(EXERCISE AIM)
Your answer must be an exact copy of the listing that follows, with all pictures omitted.

(GIVEN INFORMATION)
---+---

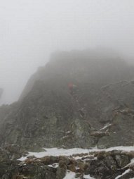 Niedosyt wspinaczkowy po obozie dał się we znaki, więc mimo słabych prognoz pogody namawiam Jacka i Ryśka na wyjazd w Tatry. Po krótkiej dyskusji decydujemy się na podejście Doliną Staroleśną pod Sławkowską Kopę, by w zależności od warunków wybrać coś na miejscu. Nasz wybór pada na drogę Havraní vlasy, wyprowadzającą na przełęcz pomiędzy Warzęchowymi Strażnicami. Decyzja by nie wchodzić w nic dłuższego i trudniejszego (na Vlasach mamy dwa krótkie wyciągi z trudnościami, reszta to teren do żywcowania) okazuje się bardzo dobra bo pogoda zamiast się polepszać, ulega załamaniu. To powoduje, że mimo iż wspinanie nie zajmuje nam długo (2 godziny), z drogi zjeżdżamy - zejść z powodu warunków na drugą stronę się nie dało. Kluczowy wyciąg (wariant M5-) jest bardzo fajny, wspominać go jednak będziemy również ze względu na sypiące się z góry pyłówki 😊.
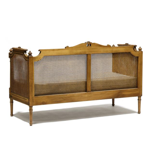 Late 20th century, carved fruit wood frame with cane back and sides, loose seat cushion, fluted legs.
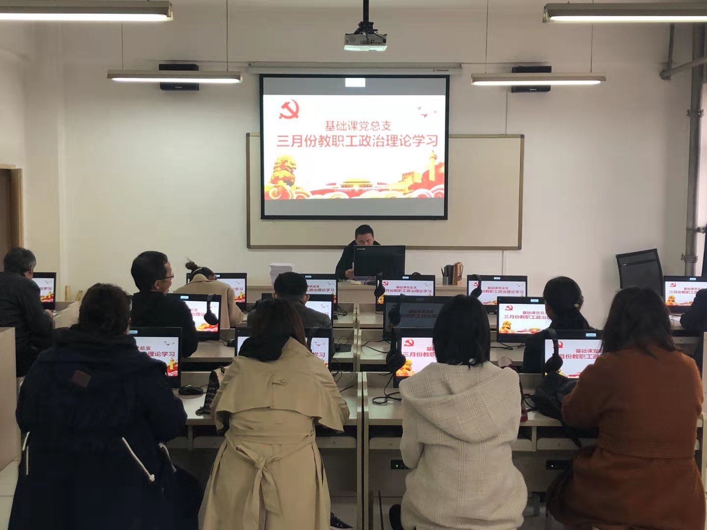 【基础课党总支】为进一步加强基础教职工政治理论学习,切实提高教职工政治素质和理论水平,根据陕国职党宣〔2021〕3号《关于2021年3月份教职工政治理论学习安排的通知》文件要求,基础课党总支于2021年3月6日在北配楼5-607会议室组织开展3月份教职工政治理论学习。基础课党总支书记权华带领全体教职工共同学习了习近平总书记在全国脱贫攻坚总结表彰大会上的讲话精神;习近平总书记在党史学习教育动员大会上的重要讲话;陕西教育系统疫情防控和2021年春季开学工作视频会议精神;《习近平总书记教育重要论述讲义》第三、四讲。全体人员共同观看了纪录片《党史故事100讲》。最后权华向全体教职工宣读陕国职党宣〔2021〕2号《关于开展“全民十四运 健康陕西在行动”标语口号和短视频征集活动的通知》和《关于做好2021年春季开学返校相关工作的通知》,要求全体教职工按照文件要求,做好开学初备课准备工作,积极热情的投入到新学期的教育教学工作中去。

---+---

(RESPONSE AREA)
 Niedosyt wspinaczkowy po obozie dał się we znaki, więc mimo słabych prognoz pogody namawiam Jacka i Ryśka na wyjazd w Tatry. Po krótkiej dyskusji decydujemy się na podejście Doliną Staroleśną pod Sławkowską Kopę, by w zależności od warunków wybrać coś na miejscu. Nasz wybór pada na drogę Havraní vlasy, wyprowadzającą na przełęcz pomiędzy Warzęchowymi Strażnicami. Decyzja by nie wchodzić w nic dłuższego i trudniejszego (na Vlasach mamy dwa krótkie wyciągi z trudnościami, reszta to teren do żywcowania) okazuje się bardzo dobra bo pogoda zamiast się polepszać, ulega załamaniu. To powoduje, że mimo iż wspinanie nie zajmuje nam długo (2 godziny), z drogi zjeżdżamy - zejść z powodu warunków na drugą stronę się nie dało. Kluczowy wyciąg (wariant M5-) jest bardzo fajny, wspominać go jednak będziemy również ze względu na sypiące się z góry pyłówki 😊.
 Late 20th century, carved fruit wood frame with cane back and sides, loose seat cushion, fluted legs.
 【基础课党总支】为进一步加强基础教职工政治理论学习,切实提高教职工政治素质和理论水平,根据陕国职党宣〔2021〕3号《关于2021年3月份教职工政治理论学习安排的通知》文件要求,基础课党总支于2021年3月6日在北配楼5-607会议室组织开展3月份教职工政治理论学习。基础课党总支书记权华带领全体教职工共同学习了习近平总书记在全国脱贫攻坚总结表彰大会上的讲话精神;习近平总书记在党史学习教育动员大会上的重要讲话;陕西教育系统疫情防控和2021年春季开学工作视频会议精神;《习近平总书记教育重要论述讲义》第三、四讲。全体人员共同观看了纪录片《党史故事100讲》。最后权华向全体教职工宣读陕国职党宣〔2021〕2号《关于开展“全民十四运 健康陕西在行动”标语口号和短视频征集活动的通知》和《关于做好2021年春季开学返校相关工作的通知》,要求全体教职工按照文件要求,做好开学初备课准备工作,积极热情的投入到新学期的教育教学工作中去。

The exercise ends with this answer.